Working data below:

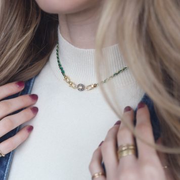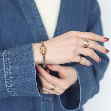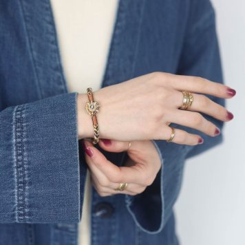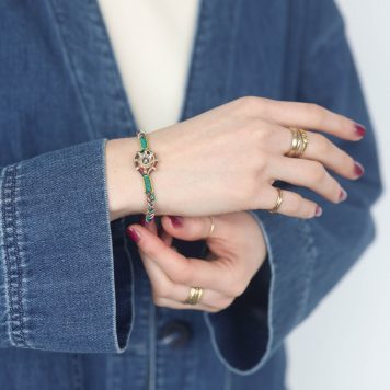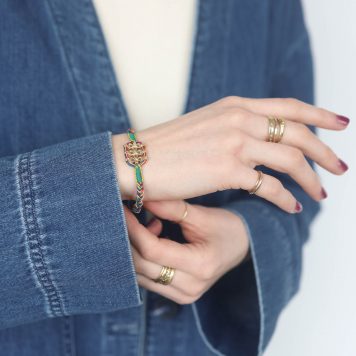 Described as “textile jewelry,” Marie Laure Chamorel’s unique and tedious construction sets her work apart from other designs. Her extensive use of different materials gives the pieces an eccentric appeal. New York and Paris flea markets render antique embroidery, lace, pearls, and other cabochons which are tested as prototypes in her Parisian studio. From there, the ornate materials are developed into something inimitable. We love how Marie Laure Chamorel’s designs offer an easy, wearable layer of texture on the daily.
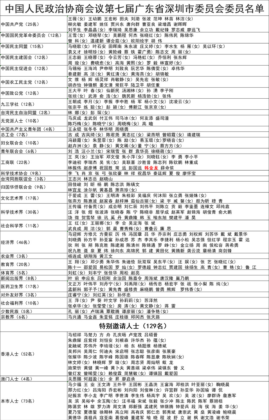 2021年4月25日,中国人民政治协商会议广东省深圳市委员会召开第六届三十三次常委会议。会议协商产生了新一届深圳市政协委员名单。七届市政协委员名额设置510名,常委会组成人员名额设置102名。市政协七届一次会议安排委员504名,常委100名,其中留任委员202名,新委员302名,leyu.乐鱼(集团)智能科技股份有限公司网站董事长韩金龙先生当选第七届深圳市政协委员。
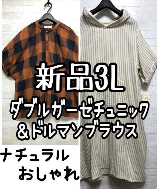 新品☆3L♪ナチュラルおしゃれ♪ガーゼチュニック&ドルマンブラウス☆G715
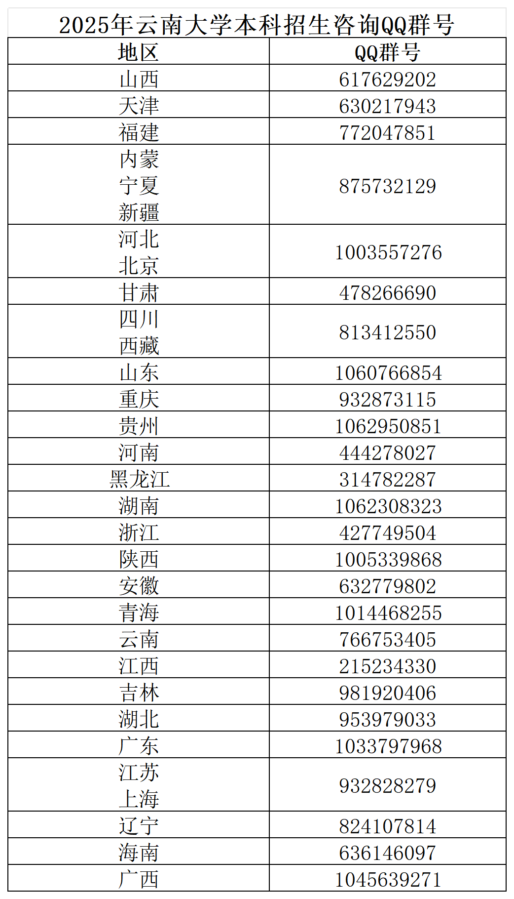 2025年云南大学本科招生咨询QQ群号
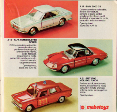 introductory page of the 1972 Italian Mebetoys Catalog.
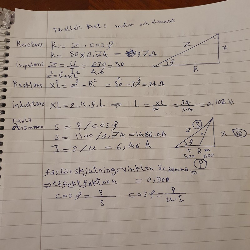 "En enfas motor har följande märkdata: 230V 4,6A cos FI = 0.74 0.6kW
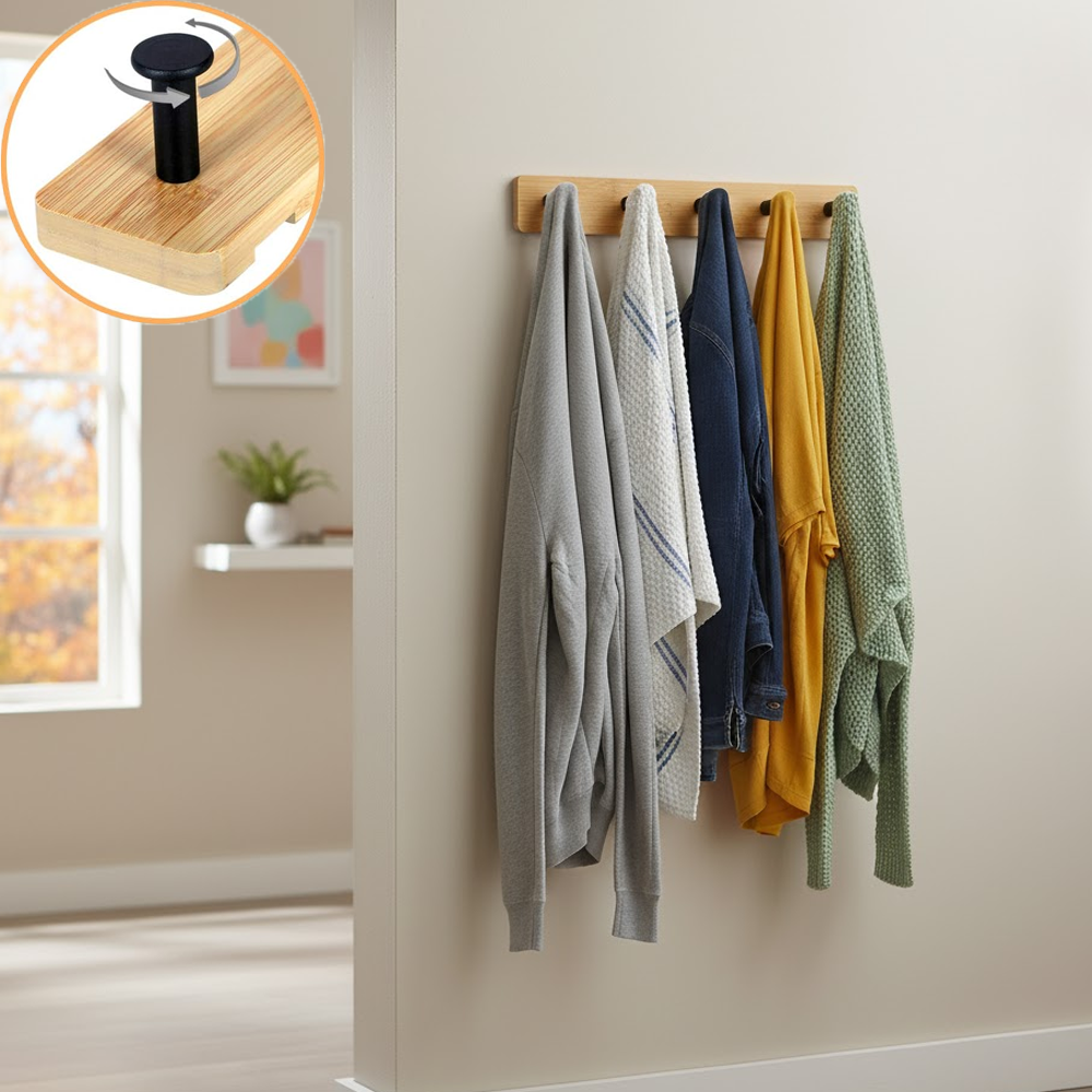 أضف لمسة طبيعية من الأناقة والتنظيم إلى منزلك مع علاقة الحائط اللاصقة المصنوعة من خشب الخيزران الفاخر.
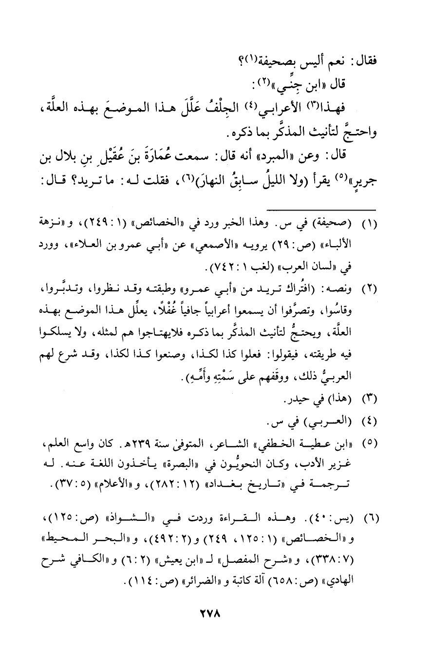 " فهذا الأعرابي الجلف علل هذا الموضع بهذه العلة واحتج لتأنيث المذكر بما ذكره ".
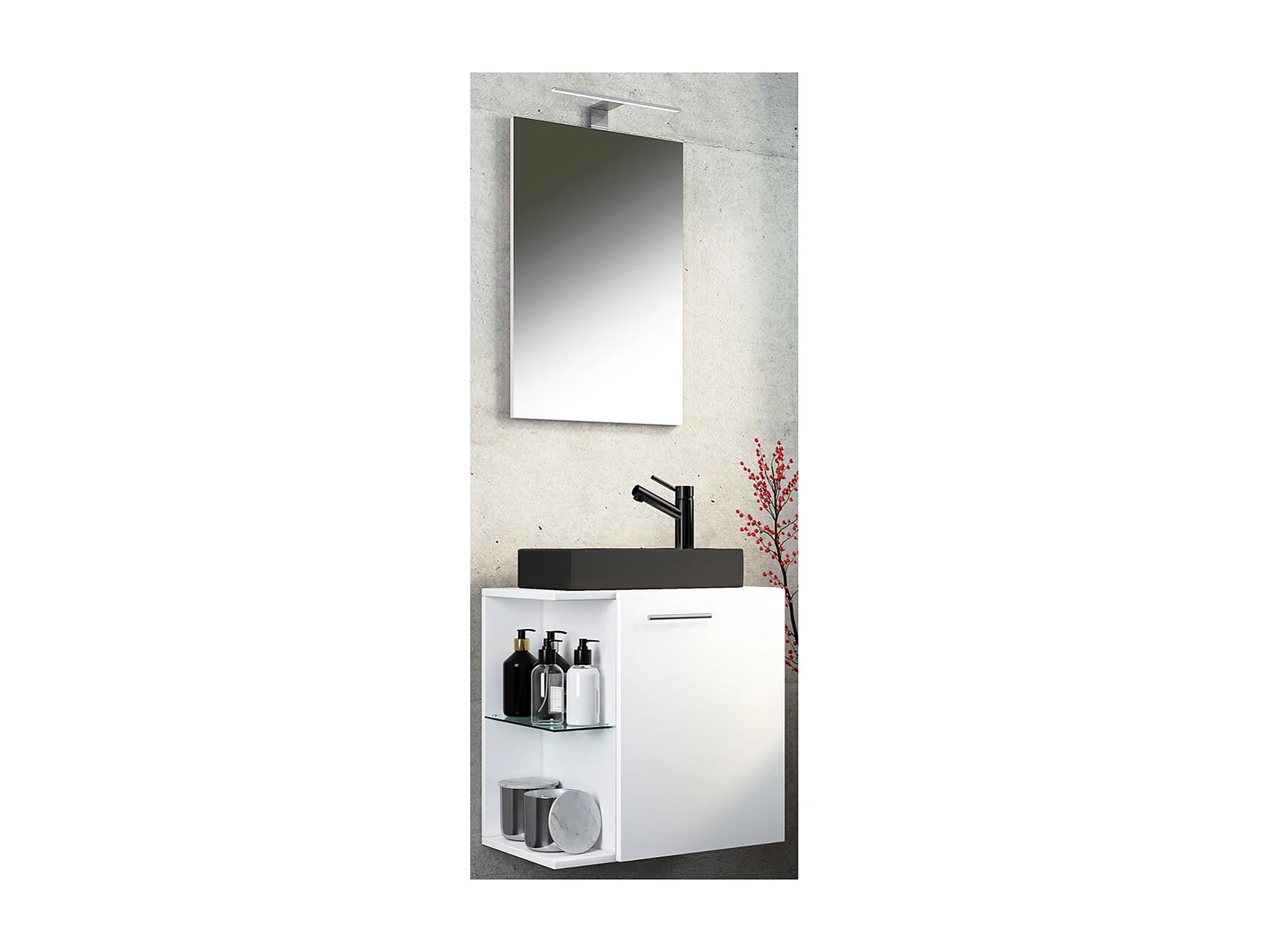 Conjunto VCM de 3 peças | Lavandaria para hóspedes WC | Banheiro | Lavatório com espelho | Conjunto de casas de banho – Hausa SP-BL (Branco)
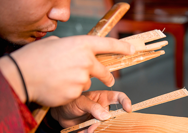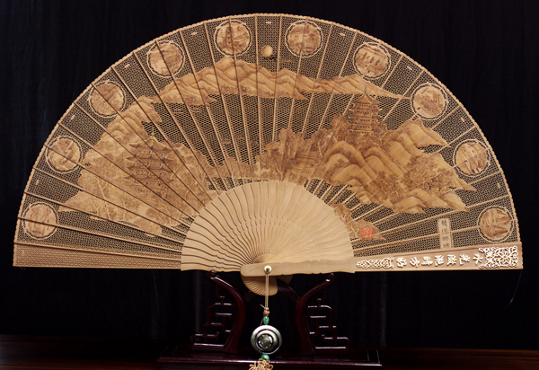 拉花——用钢丝锯在薄薄的扇片上,用手工拉出上万个大小不等,形状各异的孔眼,在整个扇面上组成千变万化,虚实相等的各种精美图案。
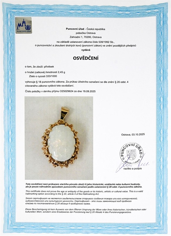 č. 179 760 Zlatý přívěsek s přírodním opálem

End of Working data.

* Description of the task
Take the line containing "2021年4月25日,中国人" as the first line and the last line of the data above as the final one, and output exactly the lines between them, inclusive, with no pictures.

* Your response
 2021年4月25日,中国人民政治协商会议广东省深圳市委员会召开第六届三十三次常委会议。会议协商产生了新一届深圳市政协委员名单。七届市政协委员名额设置510名,常委会组成人员名额设置102名。市政协七届一次会议安排委员504名,常委100名,其中留任委员202名,新委员302名,leyu.乐鱼(集团)智能科技股份有限公司网站董事长韩金龙先生当选第七届深圳市政协委员。
 新品☆3L♪ナチュラルおしゃれ♪ガーゼチュニック&ドルマンブラウス☆G715
 2025年云南大学本科招生咨询QQ群号
 introductory page of the 1972 Italian Mebetoys Catalog.
 "En enfas motor har följande märkdata: 230V 4,6A cos FI = 0.74 0.6kW
 أضف لمسة طبيعية من الأناقة والتنظيم إلى منزلك مع علاقة الحائط اللاصقة المصنوعة من خشب الخيزران الفاخر.
 " فهذا الأعرابي الجلف علل هذا الموضع بهذه العلة واحتج لتأنيث المذكر بما ذكره ".
 Conjunto VCM de 3 peças | Lavandaria para hóspedes WC | Banheiro | Lavatório com espelho | Conjunto de casas de banho – Hausa SP-BL (Branco)
 拉花——用钢丝锯在薄薄的扇片上,用手工拉出上万个大小不等,形状各异的孔眼,在整个扇面上组成千变万化,虚实相等的各种精美图案。
 č. 179 760 Zlatý přívěsek s přírodním opálem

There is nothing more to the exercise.